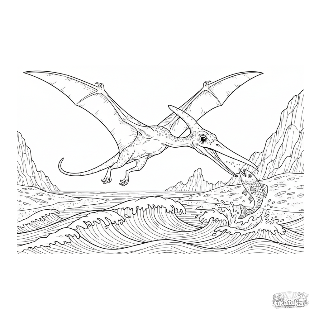 Detailliertes Ausmalbild für Kinder 10-12: ein Flugsaurier im dynamischen Flug fängt einen Fisch über den Wellen eines urzeitlichen Ozeans. Naturalistischer Stil.
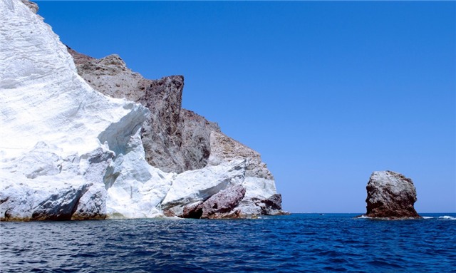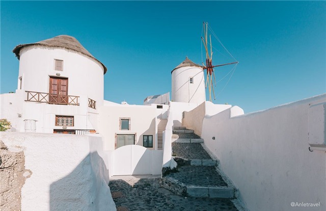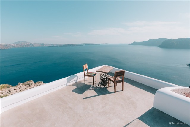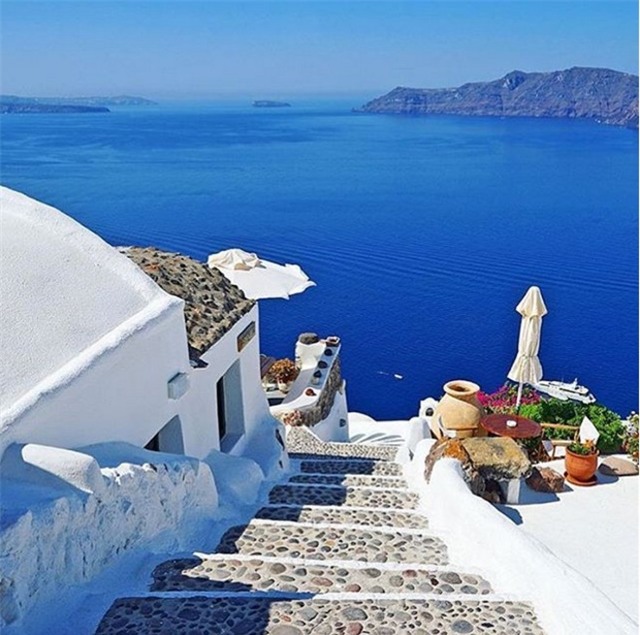 nấm trắng li ti nổi lên giữa nền xanh Địa Trung Hải. Santorini cũng sở hữu sắc xanh đặc biệt của nước biển và bầu trời.
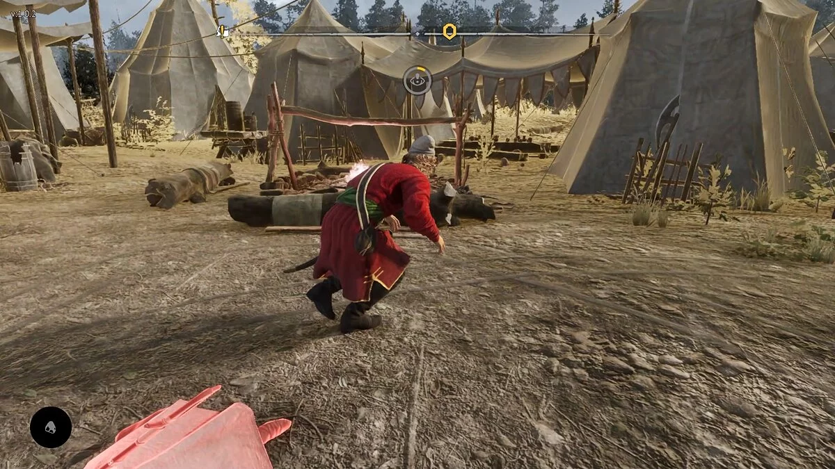 Используйте камни для отвлечения врагов, затем нападайте на них сзади и скрытно убивайте. Чтобы не привлекать внимание, по пути можете гасить факелы. Если поднимете тревогу, задание будет провалено. Когда доберётесь до пороха и взаимодействуете с ним, придётся одолеть ещё несколько групп врагов независимо от того, убили ли вы всех в лагере или нет.

****************************************

[TASK] Print the complete listing exactly, apart from any pictures.

[EXERCISE OUTPUT]
 Detailliertes Ausmalbild für Kinder 10-12: ein Flugsaurier im dynamischen Flug fängt einen Fisch über den Wellen eines urzeitlichen Ozeans. Naturalistischer Stil.
 nấm trắng li ti nổi lên giữa nền xanh Địa Trung Hải. Santorini cũng sở hữu sắc xanh đặc biệt của nước biển và bầu trời.
 Используйте камни для отвлечения врагов, затем нападайте на них сзади и скрытно убивайте. Чтобы не привлекать внимание, по пути можете гасить факелы. Если поднимете тревогу, задание будет провалено. Когда доберётесь до пороха и взаимодействуете с ним, придётся одолеть ещё несколько групп врагов независимо от того, убили ли вы всех в лагере или нет.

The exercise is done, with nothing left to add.